A Warning from Across the Sea: The Borderless Environmental Problem posed by 2000 and Drifted Debris
In the year 2000, Japan, a maritime nation since the Meiji Era, was confronted with an onslaught of litter along its coastline. According to a three-year survey of 500 beach locations across Japan conducted by Shizuoka University Professor Haruyuki Yamaguchi, a total of more than 400,000 pieces of litter were found to have drifted ashore. About 60-70% of the litter was found to be "foreign litter," i.e., drifted in from China, South Korea, and other countries. Plastic products, polyethylene containers, fishing nets, and packaging materials were the main items, with the Izu Islands and Nansei Islands showing the highest percentages.
The impact of these findings on society was profound. While Japanese environmental problems have traditionally focused on "internal emissions," this study made visible the fact that the ocean, a public space, is a crossroads of pollution caused by multiple nations. In particular, since the adoption of the Kyoto Protocol (COP3 in 1997), Japan at that time was required to "coordinate on a global scale" and "address transboundary environmental issues" in parallel with domestic reduction of greenhouse gases.
The "drifting garbage problem" had a structure that could not be solved only by strengthening domestic policies. The rapid economic growth and consumption expansion in the East Asian region had not kept pace with waste management, and illegal dumping and wastewater discharges into the ocean were becoming increasingly serious.

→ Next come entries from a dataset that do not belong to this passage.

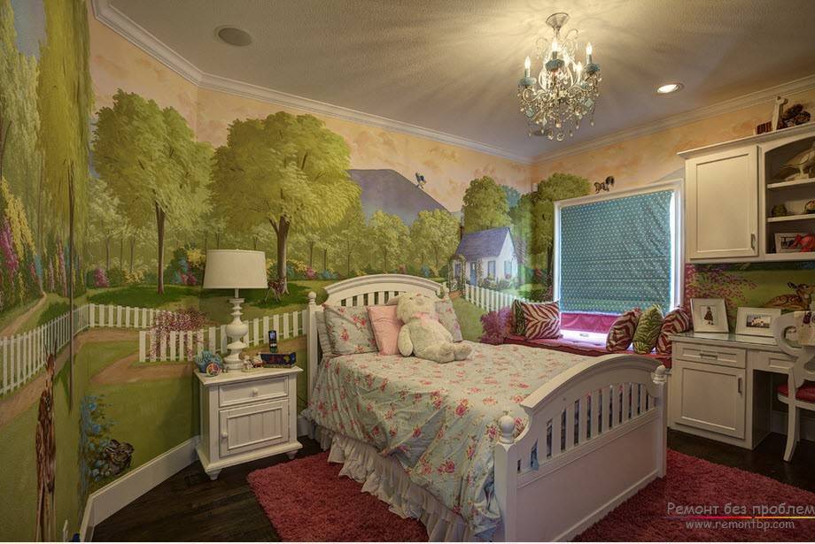 Красивая детская комната с большой кроватью и декоромИсточник dizainiya.ru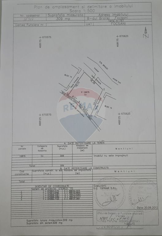 Comision 0% la cumparator! Va propun spre vanzare un teren intravilan situat in Focsani pe Bulevardul Brailei. Terenul are o suprafata de 309 mp cu deschidere de 16 ml. Pentru detalii suplimentare si vizionari va stau cu drag la dispozitie!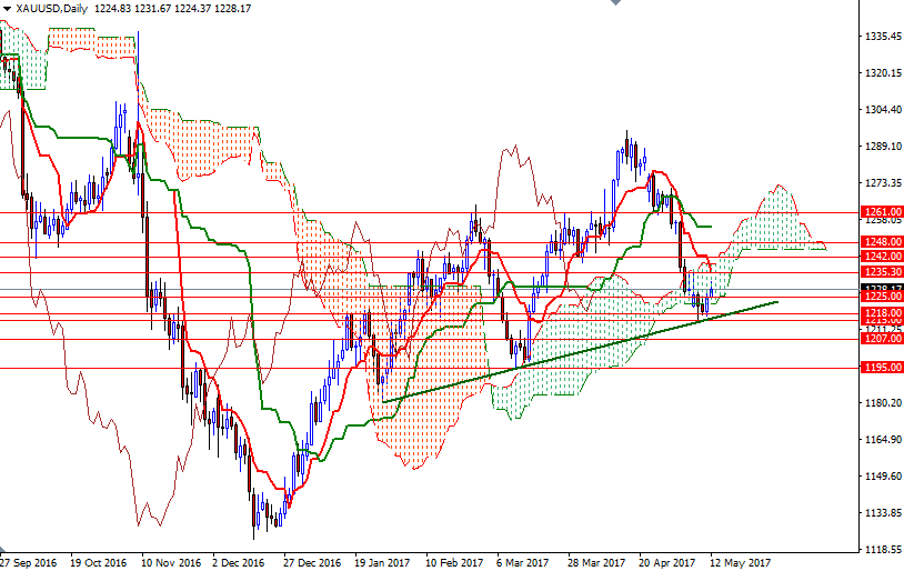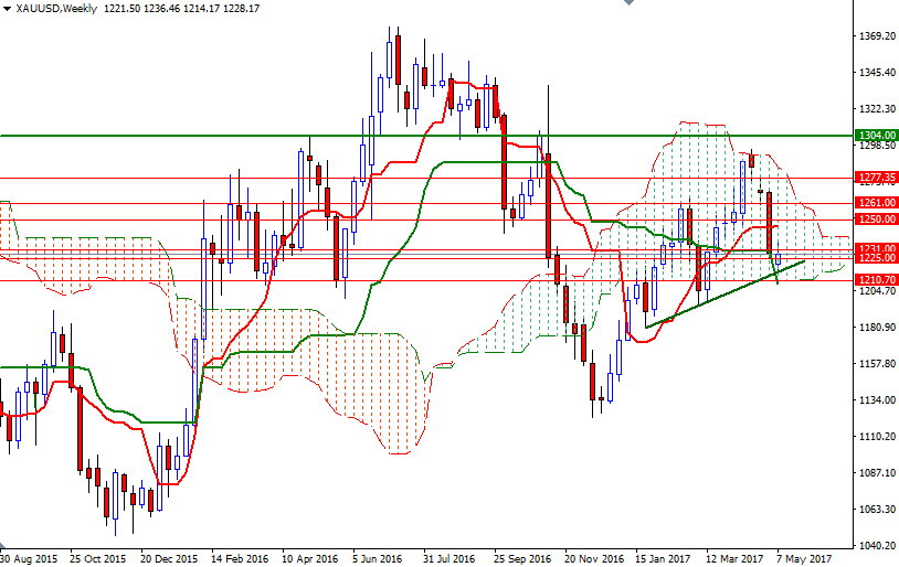 Gold prices rose for a second straight session and settled at $1228.17 an ounce on Friday as a series of economic data out of the world’s largest economy disappointed the market and weighed on the American dollar. The XAU/USD pair initially headed lower but found enough support in the $1218/5 area and moved back up, headed towards the 4-hourly Ichimoku cloud. Although Friday’s U.S. retail sales and consumer price index numbers fell short of market expectations, investors are still confidently expecting the Federal Reserve to raise interest rates at its next meeting.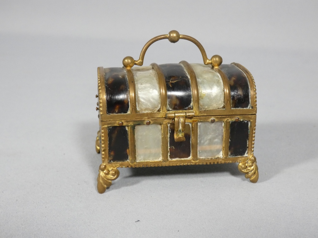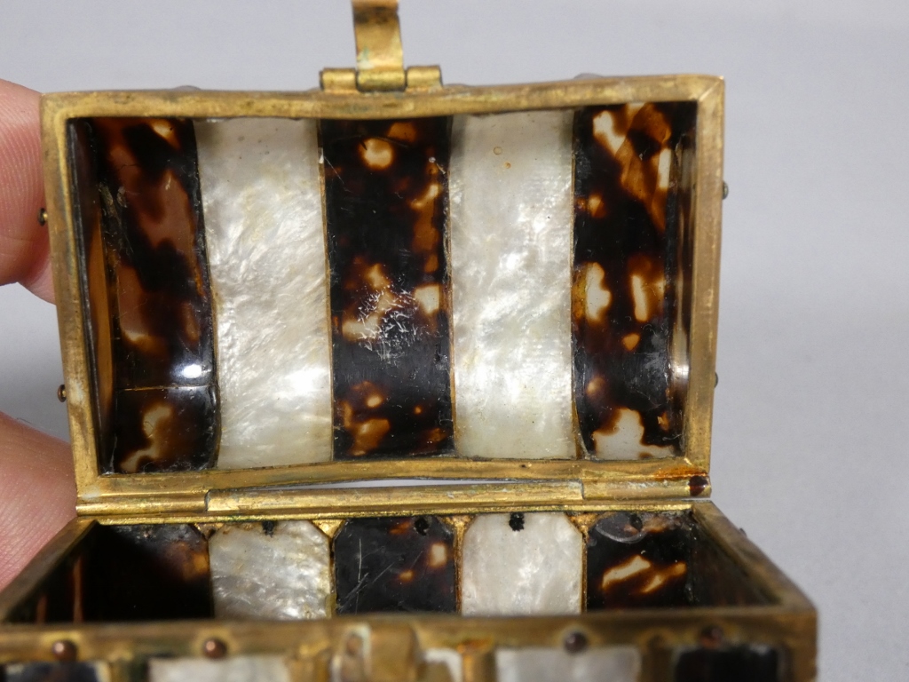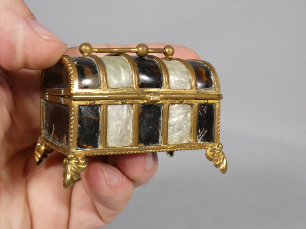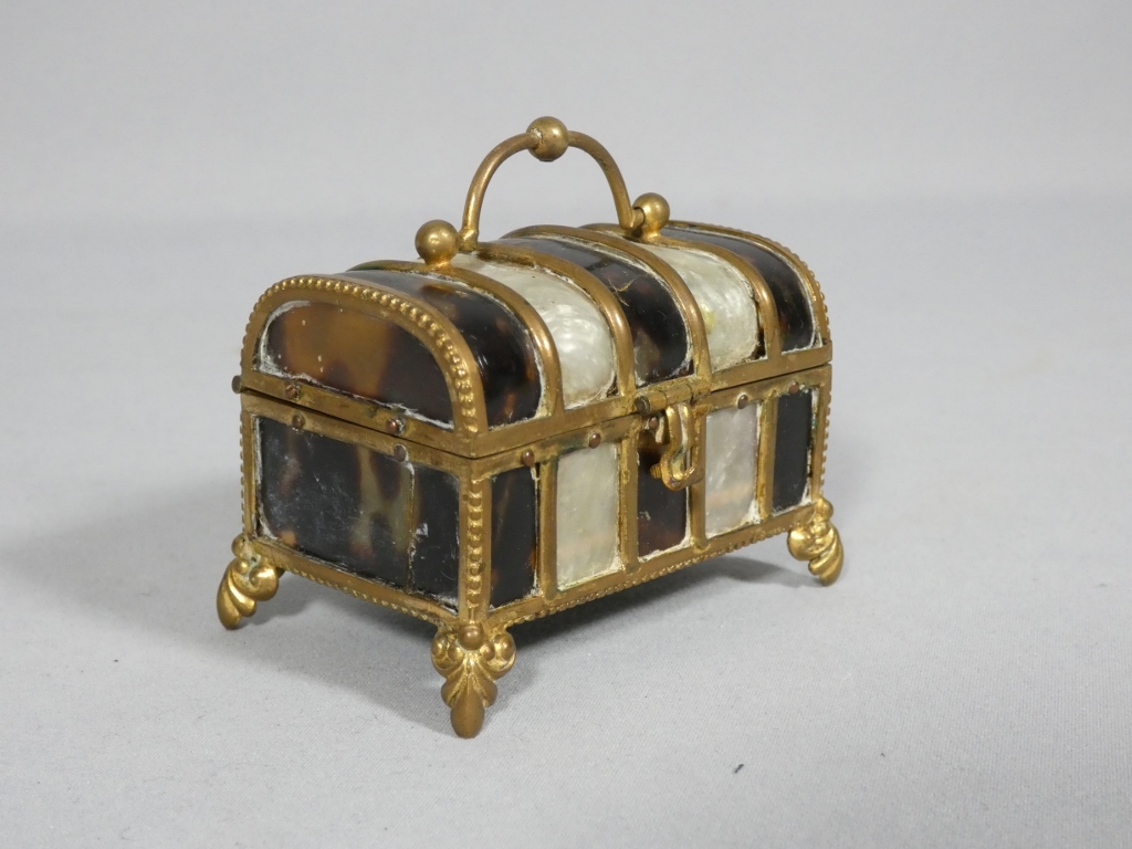 Coffret miniature en forme de coffre de style Renaissance en écaille de tortue et nacre monté laiton.

In particular, large amounts of garbage drifted into the waters around Japan throughout the year, particularly through the Yellow Sea and East China Sea, and on-site cleanup activities could not keep up.
Environmental NGOs and some local governments had already voiced the need for an international agreement, but the legal framework for marine litter in the Asian region was not yet in place, and countries in the region had little interest in the issue. This survey sounded the alarm about such a vacuum and posed a new challenge for Japan's environmental diplomacy.
Another important point the survey pointed out was the fact that "the percentage of plastic waste is overwhelmingly high. This was a precursor to the "microplastic" pollution that was already being discussed at the time, and was a milestone for the long-term effects it would later have on the marine ecosystem.
Professor Yamaguchi's investigation was not merely a "field survey," but a report from the field that brought to light the "globalization of environmental problems" and the "transcendence of national borders of responsibility. In this sense, it was an extremely symbolic report that, in the year 2000, brought home to the public the reality that "our oceans are being polluted by the world's garbage.